Conclusion: identifiers in a language different from English tend to appear near each other.

#### Misprints

Turns out we can use embeddings to correct the typical coding misprints by looking at few nearest neighbors:

• grey -> gray
• calback, callbak -> callback

#### Places

Nearest to “verde”, islands:

verde
pitcairn
tahiti
hainan
oland
bonaire
turks
caicos
cape
hawaii
aruba
burundi
burkina
mullins
faso
cayman
carrizo
kabini
barts
bissau


“moscow”:

micex
melbourne
pacific
norfolk
york
hongkong
asia
sydney
beijing
america
guam
europe
africa
eastern
niue
london
kong
atlantic
amsterdam


#### Companies

protobuf
uninterpreted
upbdefs
horrorho
doubleclicksearch
bigquery
appengine
storagetransfer
urlshortener
inappproduct
gwtorm
iocloseables
apis
bicycling
iogrpc'


but why on earth did somebody name an entity in code like this?

“apple” yields numerous frameworks and technologies, nothing interesting. “microsoft”:

idmicrosoft
bespelled
intellisense
catypes
bedisposable
becased
caavoid
tomicrosoft
caliterals
managemenet
iopackaging
caidentifiers
caparameter
idjustification
linq
fsteam
contoso
caconsider
caresource


managemenet? A misprint?

#### Disclosure

These examples are not chosen randomly. Not everything that one can imagine is magically reflected in the embeddings.

## Reproduce

We are in the process of cloning all Git repositories in the world and building sourced.engine to access and analyse them. We’ve built sourced.ml and many other libraries and packages to do MLoSC on top. Meanwhile, it is possible to grab the obsolete embeddings and play with them. They are the same as we use in vecino-reference, the proof of concept notebook which finds similar GitHub repositories. They were built without the AST co-occurrence scheme, the sequential sliding window was used instead. The vocabulary size is 500,000. The source code used is >100,000 most starred repositories on GitHub cloned in October 2016 - that is, one year ago.

If you really wish to train your own identifier embeddings right here, right now, contact us and we will figure out how to give you terabytes of data. Otherwise it is best to wait a few months until we launch our datasets initiative. Alternatively join our Slack community and we’re always happy to discuss generating data sets for you.

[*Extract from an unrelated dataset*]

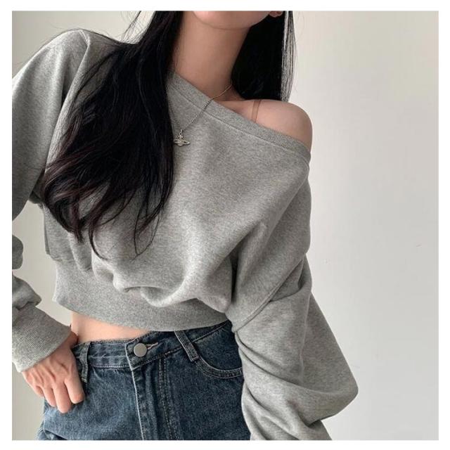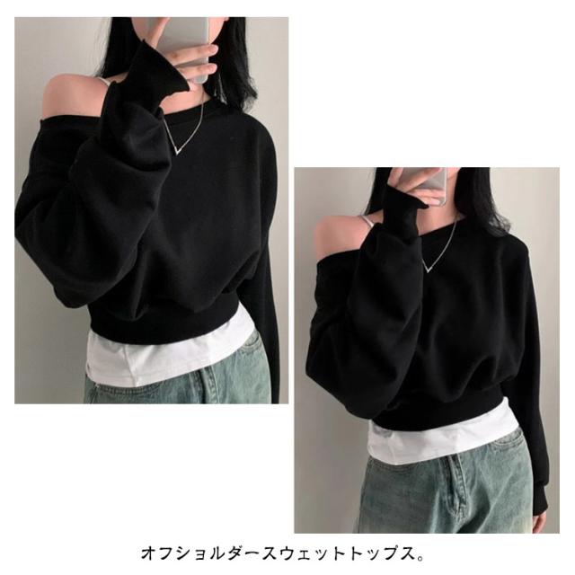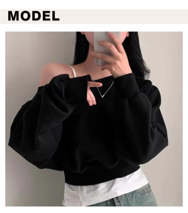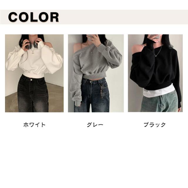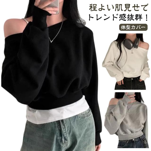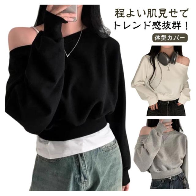 オフショルダー オフショルダー オフショルダー トップス 長袖 トレーナー 秋 春 レディース クロップド丈 ラウンドネック スウェット カットソー バルーンスリーブ tシャツ ゆったり カジュアル 無地 オーバーサイズ
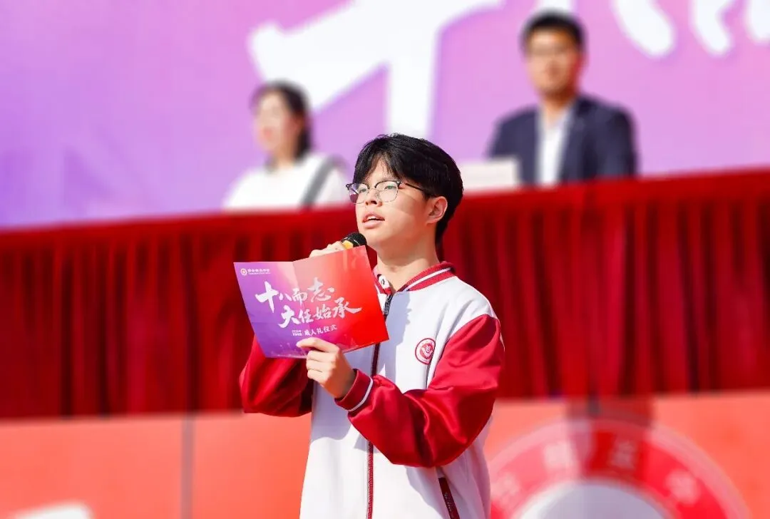 “少年智则国智,少年富则国富,少年强则国强……”学子挺膺而立,齐声朗诵《少年中国说》。铮铮誓言,回荡会场;铿锵字句,宣告着成年的信仰与担当,彰显着新时代青年的昂扬风貌。

Exploring API Embedding for API Usages and Applications

## Conclusion

It is possible to construct embeddings of identifiers in source code at scale, efficiently. The input co-occurence matrix can be generated with the proposed algorithm based on AST traversal. They capture funny relations specific to software engineering as well as some general associations. The legacy model built with the previous generation processing pipeline on more than 100,000 most starred repositories cloned in October 2016 is available to download and evaluate.